With specific acute vaginitis, therapy is selected based on the sensitivity of the pathogen: gonorrhea infection is treated with penicillins, tetracyclines, chlamydia and mycoplasma – macrolides, fluoroquinolones, trichomonas – nitroimidazoles. Systemic antimycotics are effective in chronic candidiasis vaginitis. For the treatment of herpes in women, acyclovir group drugs are used.
Gynecological diseases are accompanied by vaginal dysbiosis, which increases burning and discomfort, so pathogenetic treatment is aimed at normalizing the microflora. Vaginal candles with lactobacilli, as well as oral combined probiotics, work effectively. Immunomodulators are recommended for chronic diseases.

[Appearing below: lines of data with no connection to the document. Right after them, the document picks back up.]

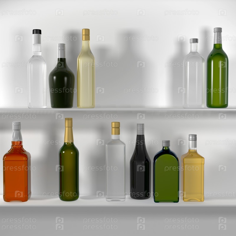Барная полка с бутылками. Изолированная визуализация на белом фоне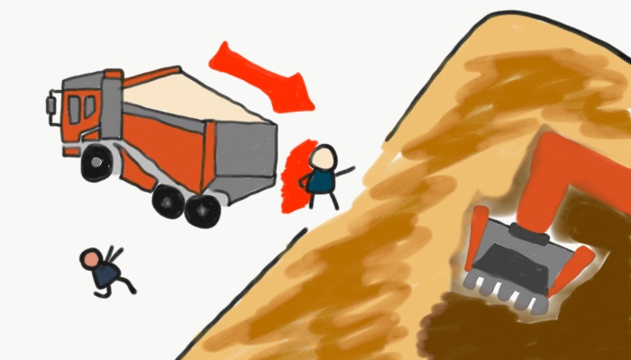 후진하던 덤프트럭 운전자 부주의 및 안전장치( 사각지대 반사경, 후진경고음) 미설치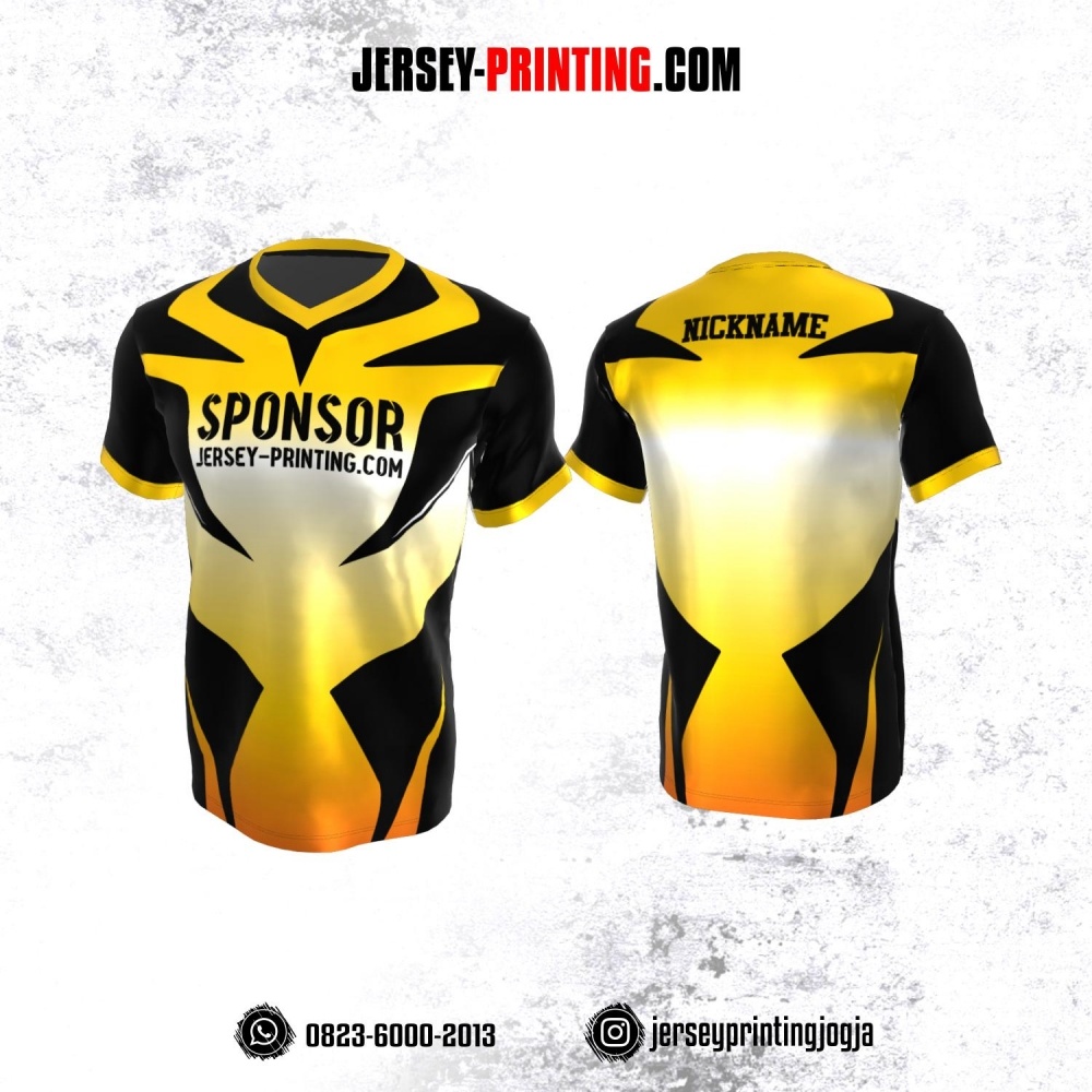 Jersey Atasan Badminton Volly Lari Futsal Kuning Corak Hitam Putih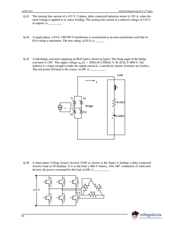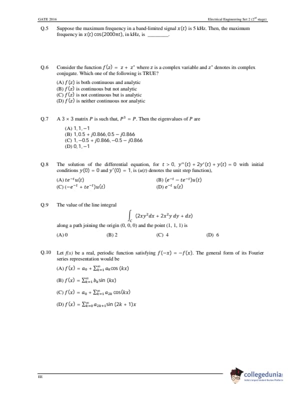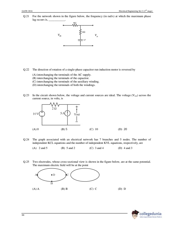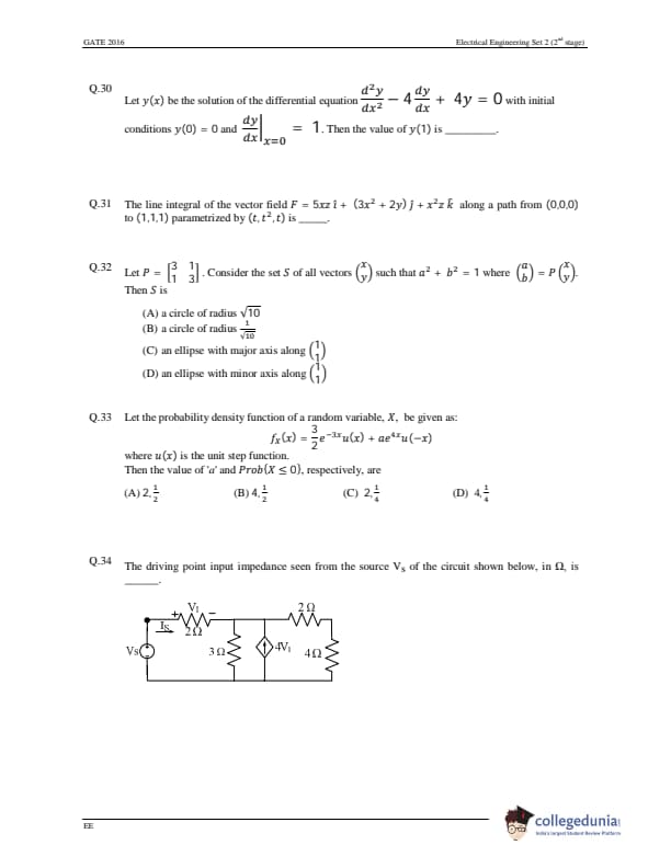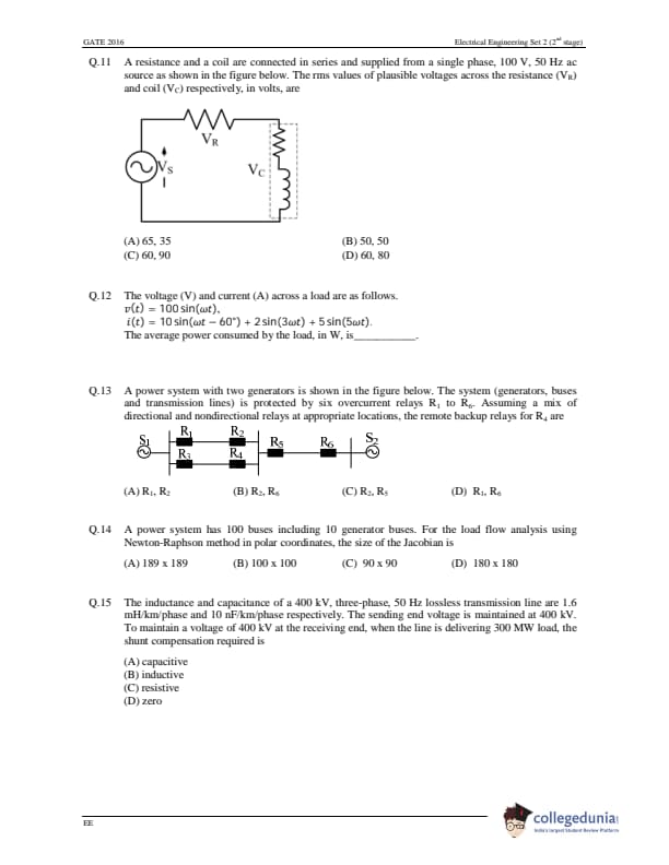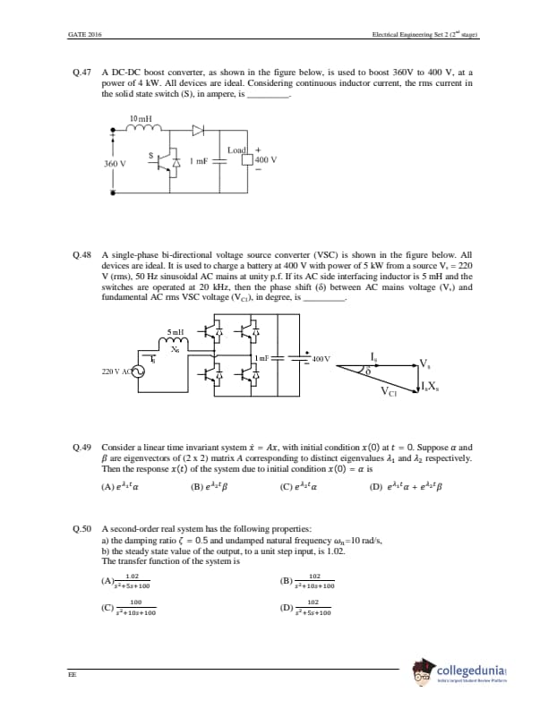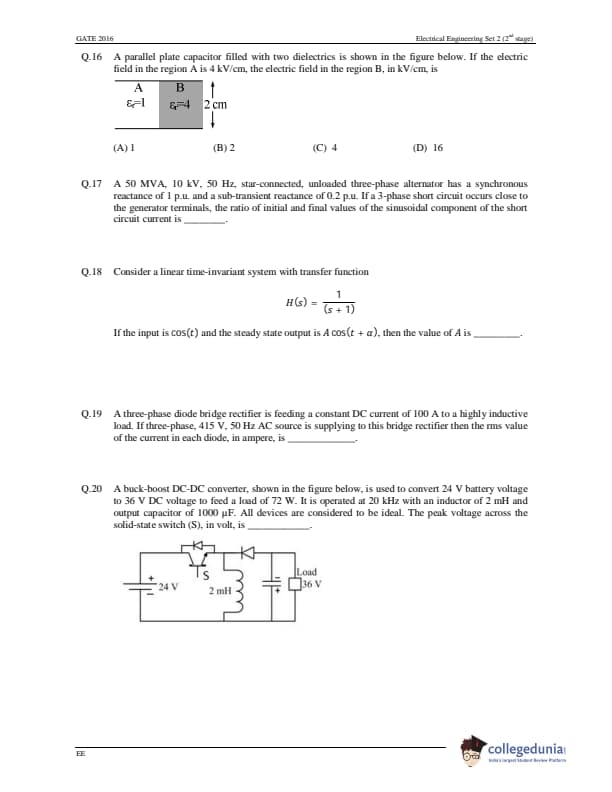 GATE 2016 Electrical Engineering (EE) Question Papers with Answer Key PDFs- Slot 2 (February 7 Afternoon Session)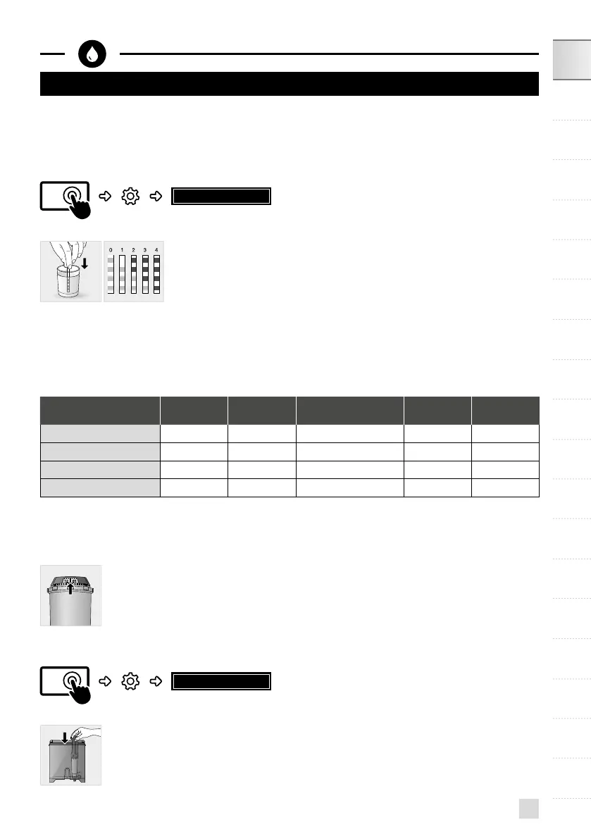 Dip the water-hardness testing stick (8) supplied with the machine in your glass of water.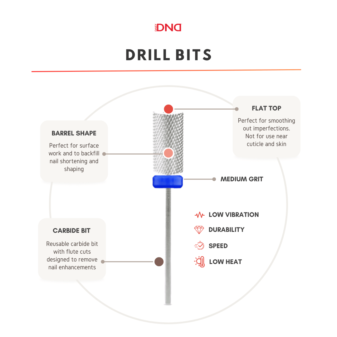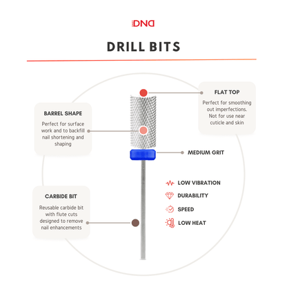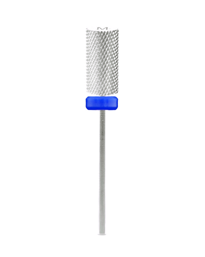 Large Barrel M – Silver – our carbide drill bit's barrel shape is perfect to backfill preparatory surface work such as nail shortening and shaping.. The medium flute cuts on the Large Barrel M allows the user to reshape and refine gel polish nail enhancements or to thin down the product layers. With a flat top, this safety bit is perfect for smoothing out imperfections but is not for use near the cuticle and skin.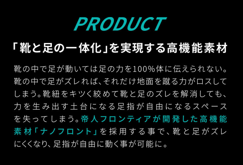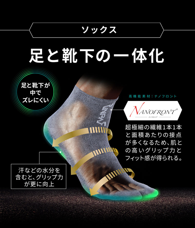 高機能素材「ナノフロント」によりインソールと靴下がしっかりくっつき密着することでズレにくくまるで足に吸着しているような使用感です。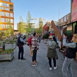 Erste Anlaufstation unserer Tour war das Münchner Kreativquartier. Auf dem Gelände der ehemaligen Luitpoldkaserne zwischen Neuhausen, Schwabing und Innenstadt gibt es eine lebendige Szene, die seit Jahren vielfältige und interdisziplinäre kreative Freiräume schafft und pflegt. Hier betreiben Künstler/Innen Ateliers und offene Werkstätten sowie Designer/Innen ihre Studios. Das Stadtbild hier überrascht mit alten Industriebauten, bunten Graffiti, wild wuchernden Gärten und schafft so eine inspirierende Atmosphäre.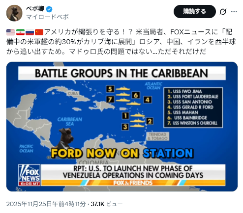 11/26The Gateway Pundit<US Military Deployment in Latin America Isn’t Just About Venezuela, But to Push Russia, China and Iran Out of the Western Hemisphere (VIDEO)=米軍のラテンアメリカ展開はベネズエラ問題だけでなく、ロシア、中国、イランを西半球から追い出すためでもある(動画)>
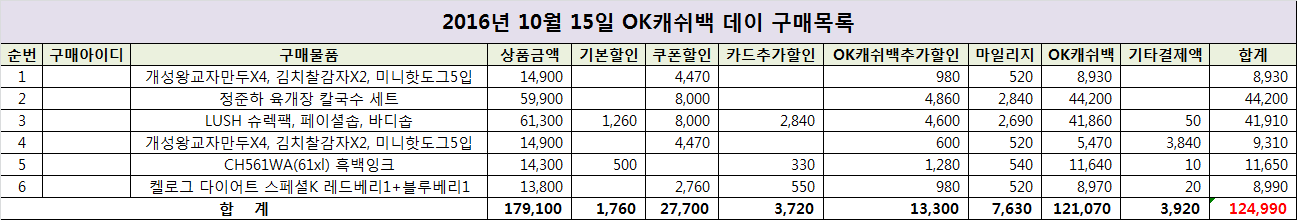 다 더하니 상품금액과 실구매액의 차가 어마어마하네욯ㅎ |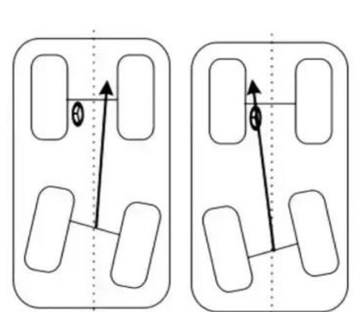 推進(jìn)角是車輛推進(jìn)線與車輛參考中心線(幾何中心線)之間的角度。通過(guò)后輪單側(cè)前束平分點(diǎn)做一直線與后輪中心相交,確定推進(jìn)線,即:汽車后輪總前束的平分線為汽車的推進(jìn)線。推進(jìn)線與車輛幾何中心線之間的夾角就是推進(jìn)角,也被稱為蟹形角。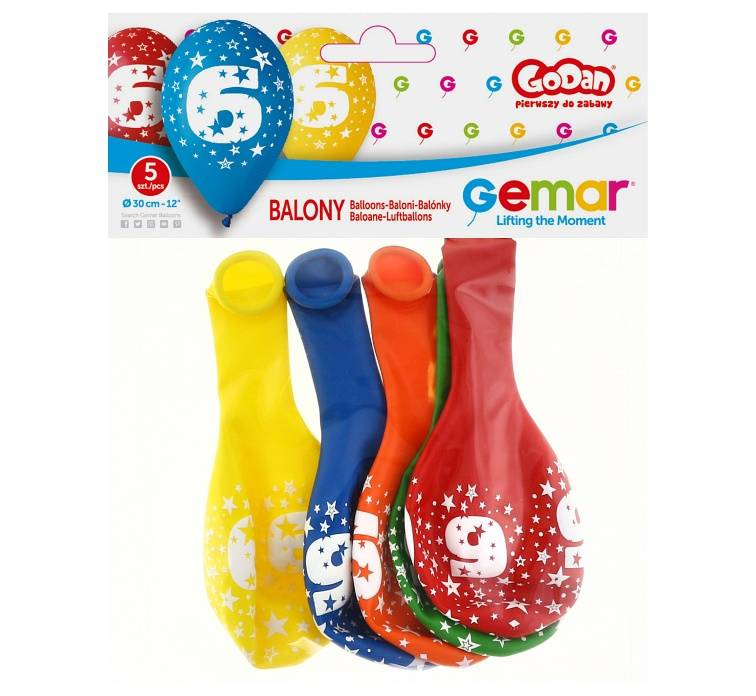 - Balony gumowe o klasycznym kształcie firmy GEMAR z nadrukiem cyfra 6 Rozmiar 12 cali.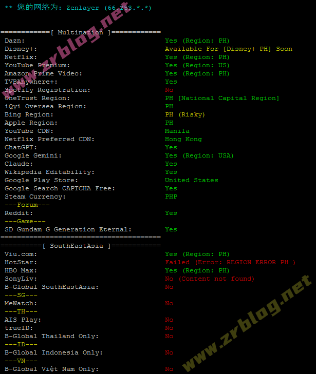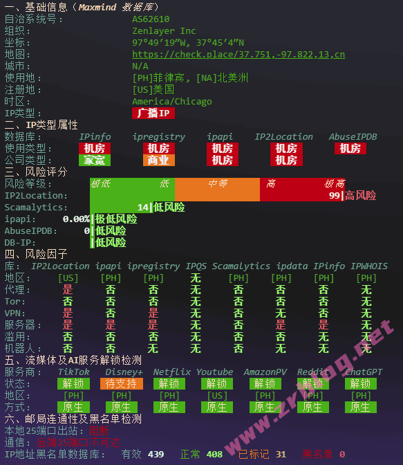 IP信息:广播IP,解锁较多,可以解锁菲律宾TikTok/Netflix/ChatGPT等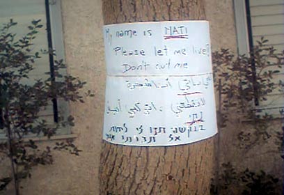 "נתנו שם לעצים שאנחנו חוששים לעתידם". המודעה (צילום: אריאל מריות)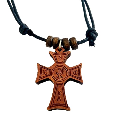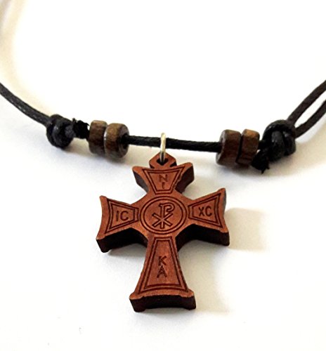 IconsGr Collana con ciondolo religioso greco cristiano ortodosso con croce di legno, 18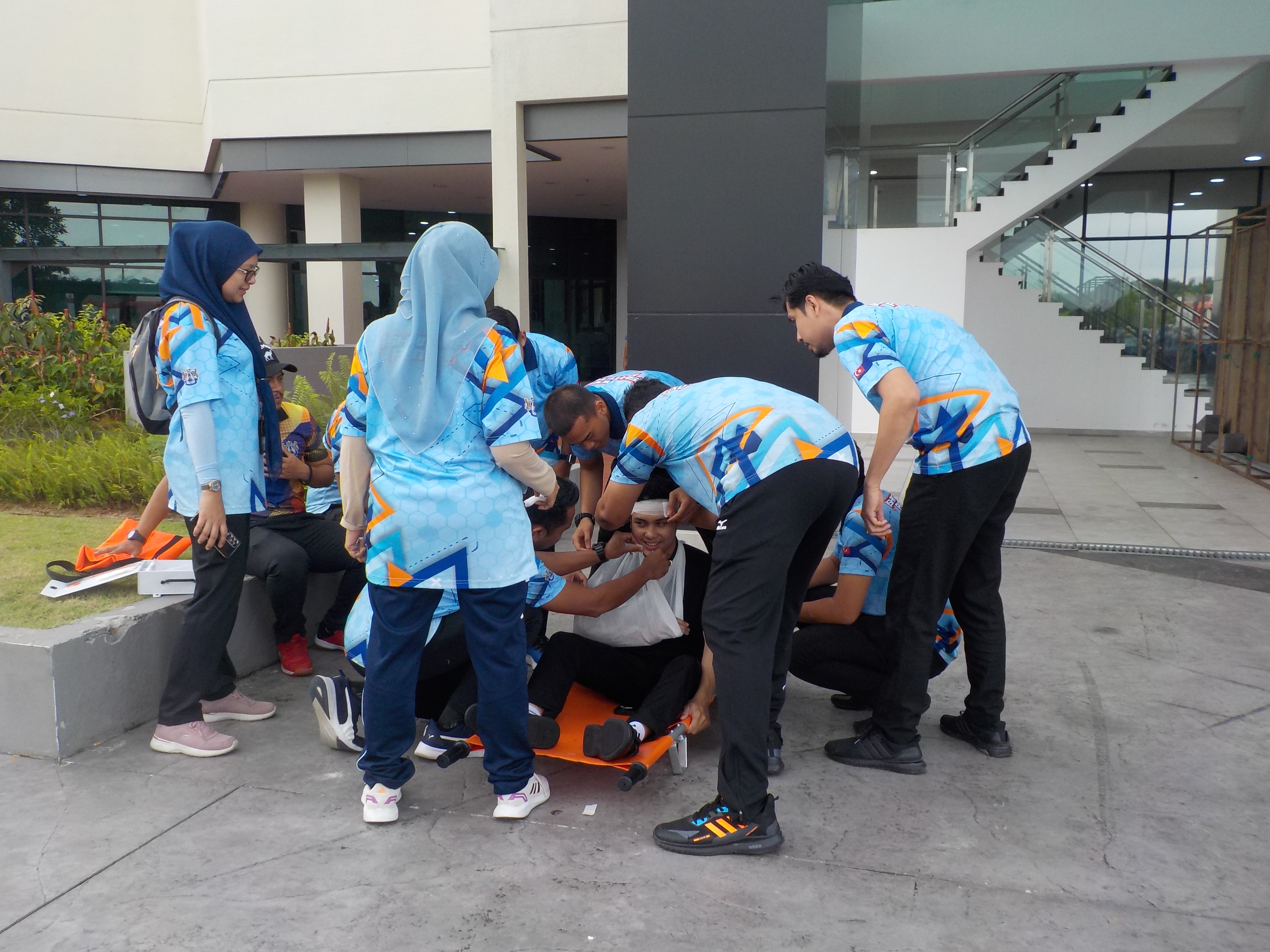 Proses pengungsian bangunan (building evacuation) direkodkan untuk analisis dan panduan latihan seterusnya. Para pemerhati melakukan headcount bagi memastikan semua pekerja keluar dengan selamat.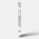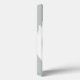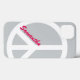 En silver färgad fodral med ett stort vitt fredstecken och ett eget namn i stark rosa.

Excision of genital warts is carried out for medical and cosmetic reasons. To minimize mucosal damage in women, laser or radio wave removal method is practiced. With the ineffectiveness of conservative treatment of precancerous conditions in modern gynecology, minimally invasive interventions are used: removal of pathological foci by laser, radionoge or cryodestruction. With an extensive process, extirpation of the vulva is recommended.